This goes back to Kerrison's idea of specificity. While sometimes the pace is constant at a race, other times it is very dynamic, with pace changing all the time. That's what Froome is training for. Of course, on a more fundamental level, what Kerrison is manipulating in his mind is a more complicated set of equations describing the various cause-effect relationships between a training load and a physiological adaptation.

Consider the interplay between the distinct aerobic and anaerobic motors of an athlete. In simple terms, below the physiological landmark of the lactate threshold, the body is able to clear lactate as fast as it is produced. Above that threshold, it accumulates.

"People think developing the anaerobic system is a bad thing because it produces lactate and lactate is bad," Kerrison says. "It's only bad if you can't remove it. Otherwise, it gives you power. When I was in Australia we had some distance swimmers who, no matter how hard we pushed them, just didn't produce any lactate. I'm not sure whether that was because they weren't producing any or because they were efficient at removing it. We found out when we first measured Chris that it was the same. He would do a maximum effort and when we measured lactate there was nothing. Based on what I knew from swimming, I knew this was really promising.
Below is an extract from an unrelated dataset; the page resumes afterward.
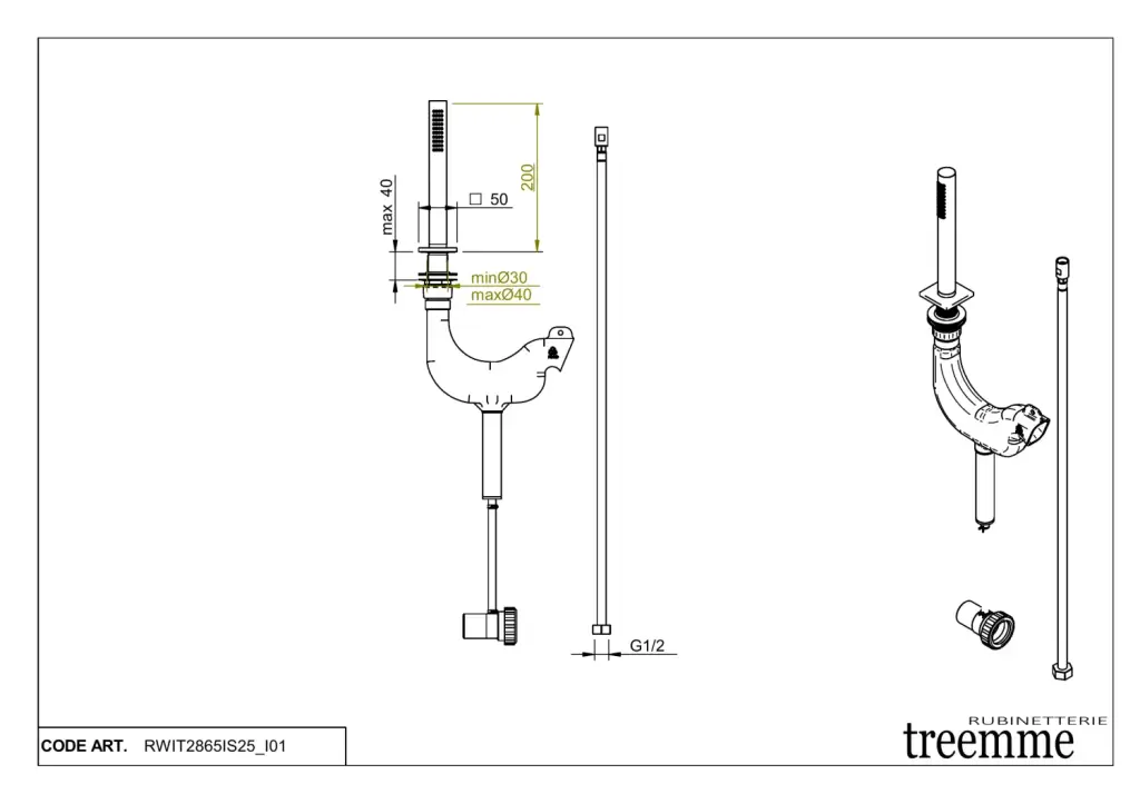 Treemme 5mm Ручной душ на борт ванны, 1 вид струи, цвет: нержавеющая сталь RWIT2865IS25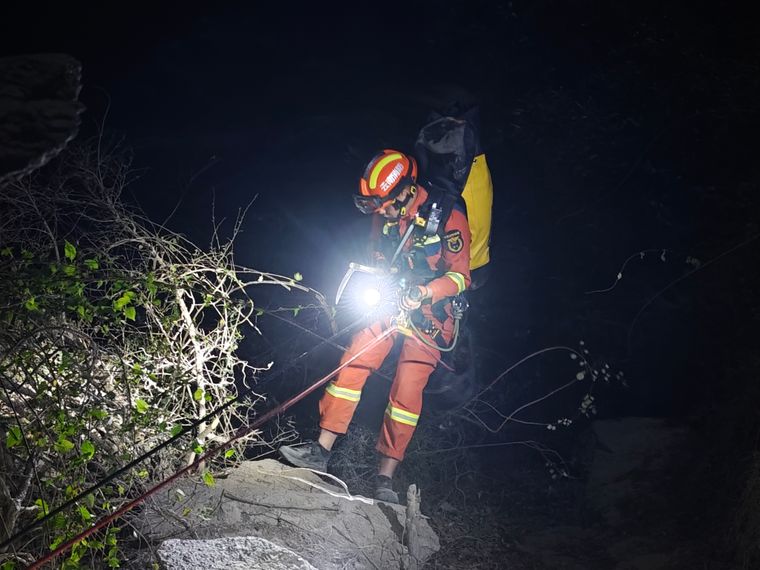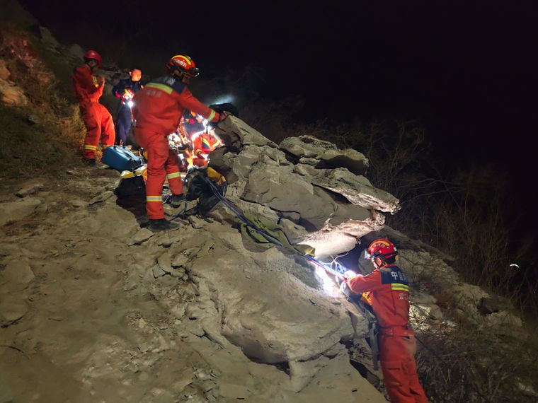 由于救援路线灌木较多路线较长,两平台间为垂直崖壁,给救援带来极大困难!直至22时16分,救援人员到达被困人员位置。此时被困人员已无意识、身体裸露(被困人员因跌落谷底坠入溪流将衣物打湿,为防止失温,被困人员将自身潮湿衣物脱下),存在失温迹象,救援人员使用大衣及睡袋对其进行保暖,并利用担架采用陪护救援的方式开始转运被困人员。

He was producing incredible power and whatever lactate he was producing he was able to remove. That indicated that we needed to increase his anaerobic capacity - his ability to produce lactate - because he had an ability to remove it."
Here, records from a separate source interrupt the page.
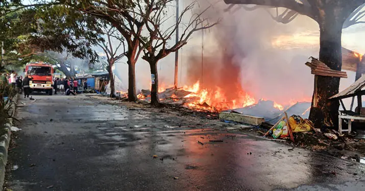 LENSATENGGARA.COM, MUNA – Kebakaran hebat melanda kawasan Pasar Laino di Kota Raha pada Minggu (26/4/2026) pagi, memicu kepanikan di kalangan warga dan pedagang yang tengah memulai aktivitas jual beli. Peristiwa tersebut menghanguskan deretan lapak pedagang pakaian bekas (RB) yang berada di salah satu titik pasar.
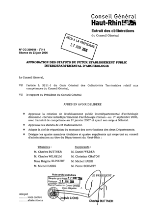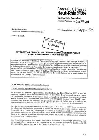 La réflexion portant sur l’opportunité d’un outil commun d’archéologie a abouti, à l’automne 2005, à un rapport commun qui concluait à la pertinence d’une telle démarche et engageait les deux Départements à la création d’un établissement public interdépartemental d’archéologie qui embrasse l’ensemble des champs d’application de cette discipline. De manière à concrétiser cette volonté commune, le présent rapport soumet à l’approbation des Conseil Généraux du Bas-Rhin et du Haut-Rhin la création de cet établissement public, l’adoption de ses statuts, la clef de répartition des contributions et la désignation des membres de son Conseil d’administration.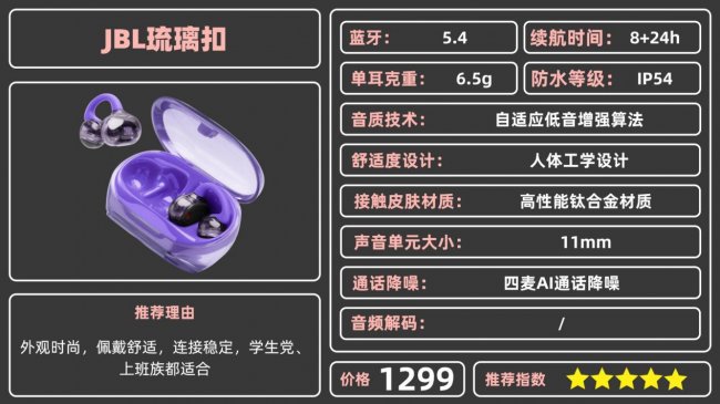 推荐理由:外观时尚,佩戴舒适,连接稳定,学生党、上班族都适合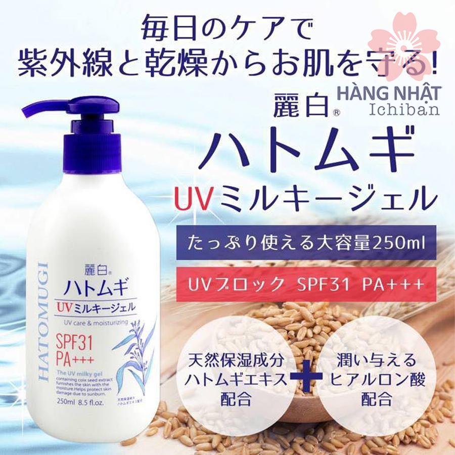 Hatomugi SPF31 PA+++ với thành phần chính là chiết xuất hạt ý dĩ mang đến 3 công dụng chỉ trong 1 sản phẩm: dưỡng ẩm, dưỡng sáng và chống nắng cho cơ thể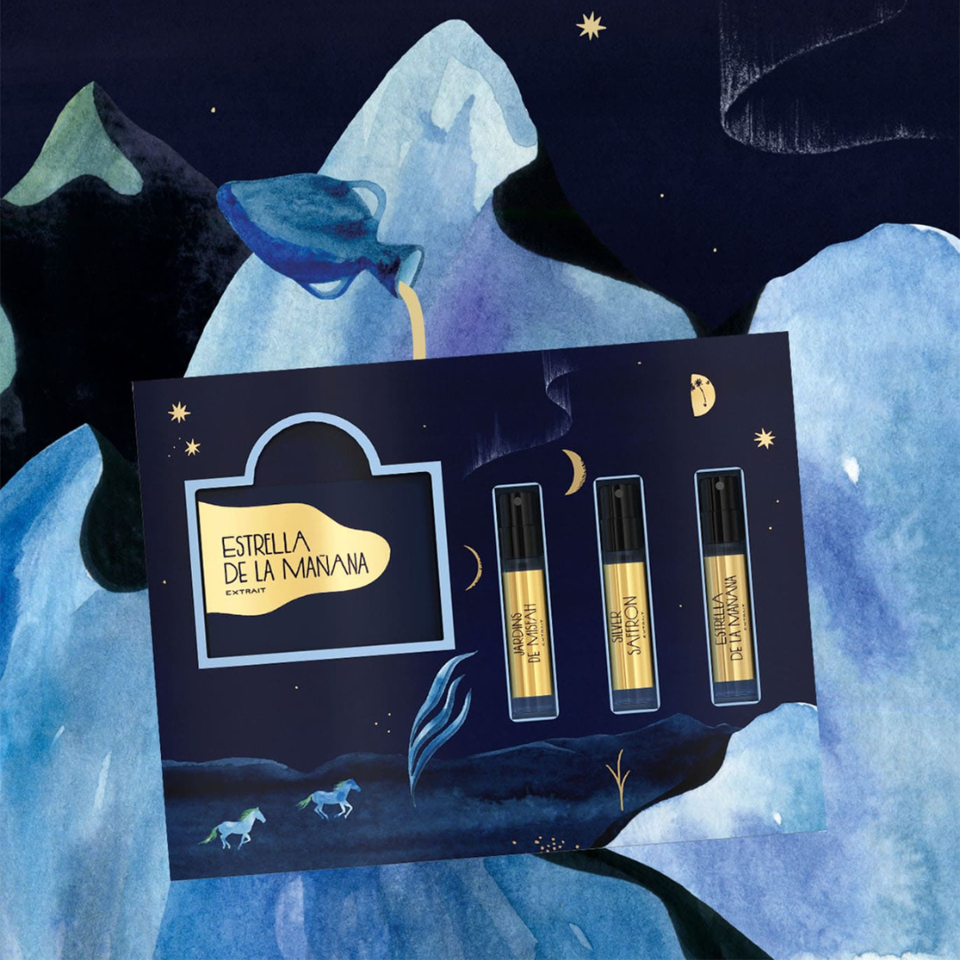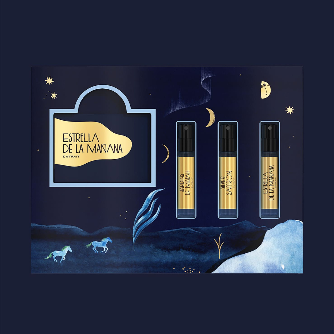 Each essence contained in the Discovery Kit is part of a collection known as 'Extraits de Voyage', which intertwines real and imagined stories, passed down from generation to generation. By applying these fragrances, you will be transported to storybook landscapes, new heroes, and destinations, just like the gentle murmur that the night wind brings.

Kerrison then adds another layer to the consideration of Froome's physiology: the nutritional fuel he uses for this aerobic effort. This fuel is a mixture of carbohydrates and fats, which are metabolised in different proportions depending on the intensity of the effort. The more intense the effort, the more carbs are required. But to Kerrison, even the way the body fuels can be trained and adapted, shifting it towards a type of metabolism that specifically benefits a rider racing the Tour de France.

"We restrict carbs in training and this shifts the metabolism," Kerrison says. "It drives an adaptation that makes the body become more efficient at using fat as fuel. So up to a certain intensity, say 200 Watts, Froome will predominantly be using fat as fuel. A significant portion of a typical five-hour stage is ridden at a relatively low intensity, meaning he'll be burning mostly fat, saving the carb stores for the more intense stages of the stage where it's needed the most - for example, the final mountain climb."

According to Kerrison, the interaction between those three types of metabolisms - carbohydrate-fuelled aerobix, fat-fuelled aerobic and anaerobic - is the foundation of Froome's training plan. When we return to Team Sky's house, Kerrison shows WIRED a five-page checklist that he keeps for each of his riders. It includes items such as power curve analysis, demands of the events, fat-carb metabolism, heat and altitude. There are 74 factors, qualitative and quantitative, that encapsulate Kerrison's understanding of what it takes to win.

It's the blueprint of what it takes to become a Tour de France winner, a title that Froome is defending this year after victory in 2015. He won it pretty much the same way as he had in 2013: by riding the first mountain stage very aggressively and earning a substantial advantage early in the race. That strategy caught everyone off guard. It wasn't part of Team Sky's plans; it was a decision that Froome made a couple of weeks before the start of the Tour and even Kerrison wasn't sure it was the best way to race.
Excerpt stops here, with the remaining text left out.